#### Entries provided
■ ■ ■ ■ ■ ■ ■

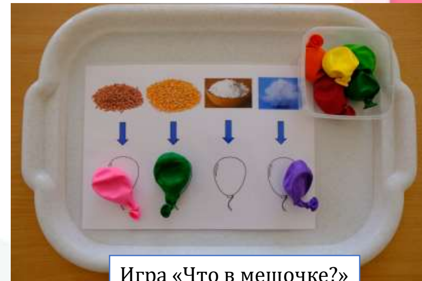
Игра «Что в мешочке?»
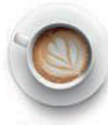
Descafeinado con Leche
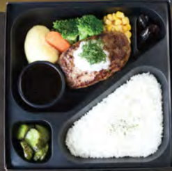
和風おろしハンバーグ弁当 ¥1,800 (税込¥1,944)
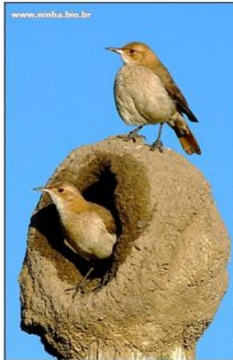
Figura 1 - João de Barro Disponível em: < http://www.ninha.bio.br/biologia/joao-de-barro.html >

João-de-barro - Lendas e Mitos. Só História. Disponível em < http://www.sohistoria.com.br/lendasemitos/joaodebarro/ >. Acesso em 28.mar.2020.
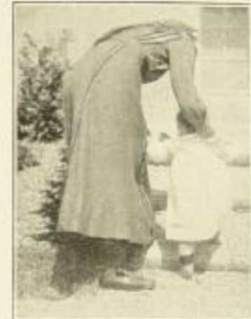
Richtige Führung des Kindes über Stufen
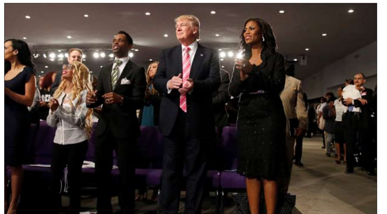
من الحضور الدائم.. الى صمت الغياب
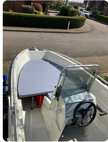
Big Fish 470 msp768487 8
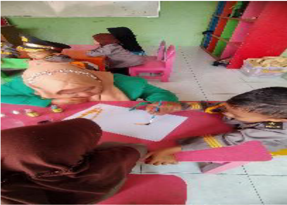
Peneliti memengangkan tangan anak untuk melukis dikertas dengan hasil warna yang dicampurkan
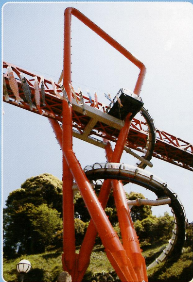
スパイラルスライダー
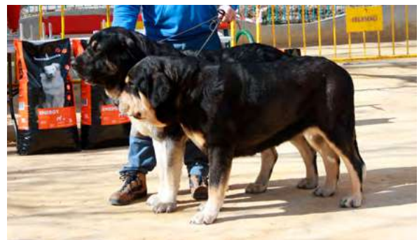
SANSON DE LA PORTIECHA Y CARBONERA DE LA RABIZA
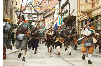
Das kleine Gespenst (Quedlinburg, Wernigerode)
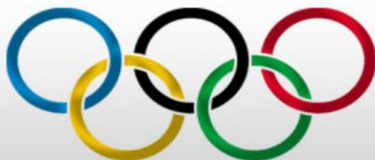
Первый российский Олимпийский чемпион - Николай Панин-Коломенкин
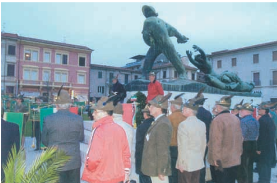
Onori ai Caduti di Viareggio
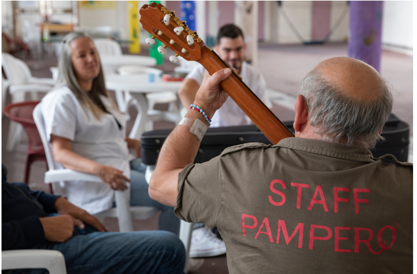
Saint-Pierre Unité ouverte de psychiatrie générale
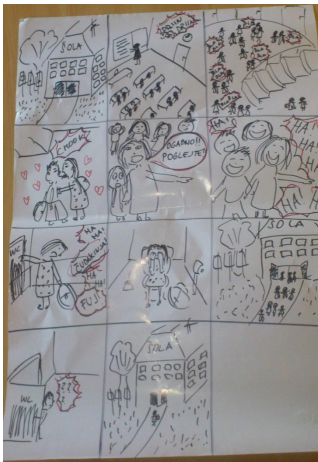
Slika 2: Primer stripa.
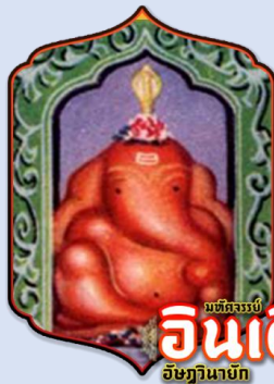
มัทศรรูป อินเดียน อิชฏวินายัก

BT-BOM63_TG_INDIA ASTAVINAYAK แม่หม่อมมิเชลพามู (16-21 SEP 2026)
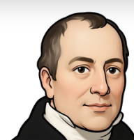
DAVID RICARDO (1772-1823)

→ Tout le monde bénéficie du commerce international.
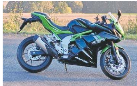
3. Barton Blade R 125, 2024, Andrzej Krzysztof Kubiak
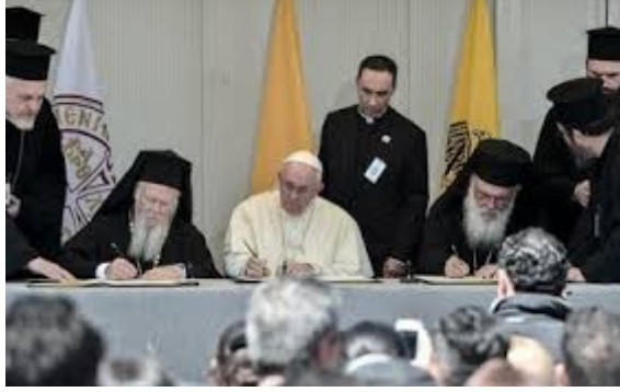
(Στην φωτογραφία υπογράφεται το λαθρο-μεταναστευτικό)

Οι εχθροί της Ορθοδοξίας και της Ελλάδος είναι και δικοί μου εχθροί!
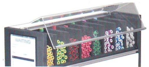
採血管収納数 8種類で最大200本の採血管がストックできます
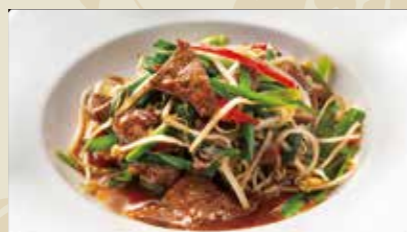
10 牛レバーとニラの炒め
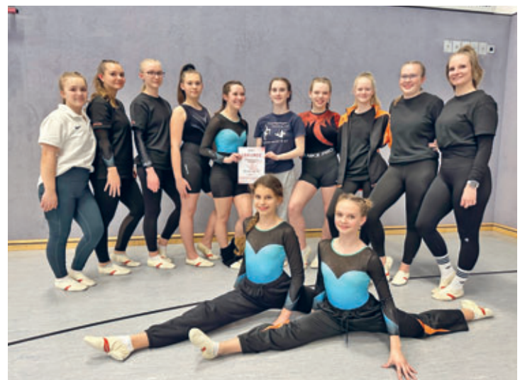
Turnerinnen des ATV qualifizierten sich für die Bezirksmeisterschaft
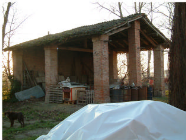
4. Edificio 2. Fronti est e nord
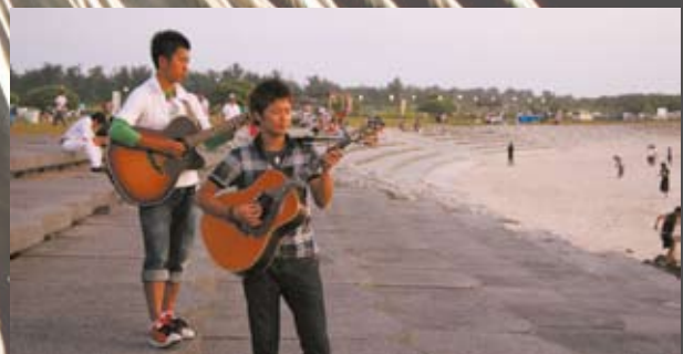
バックステージでリハーサルに余念がない dokidoki

各方面からの協力で運営される夏まつり。漁協の皆さんにはフネインカー競漕会場周辺の清掃をしていただいたが、その翌日には目を疑う無惨な光景があった。我々も含めた戒めとして、恥ずかしながら写真を掲載します。

■ ■ ■ ■ ■ ■ ■

#### About this exercise
Given the data above, which lines hold the string "Disponível"? Return them.

#### Answer for this exercise
Figura 1 - João de Barro Disponível em: < http://www.ninha.bio.br/biologia/joao-de-barro.html >
João-de-barro - Lendas e Mitos. Só História. Disponível em < http://www.sohistoria.com.br/lendasemitos/joaodebarro/ >. Acesso em 28.mar.2020.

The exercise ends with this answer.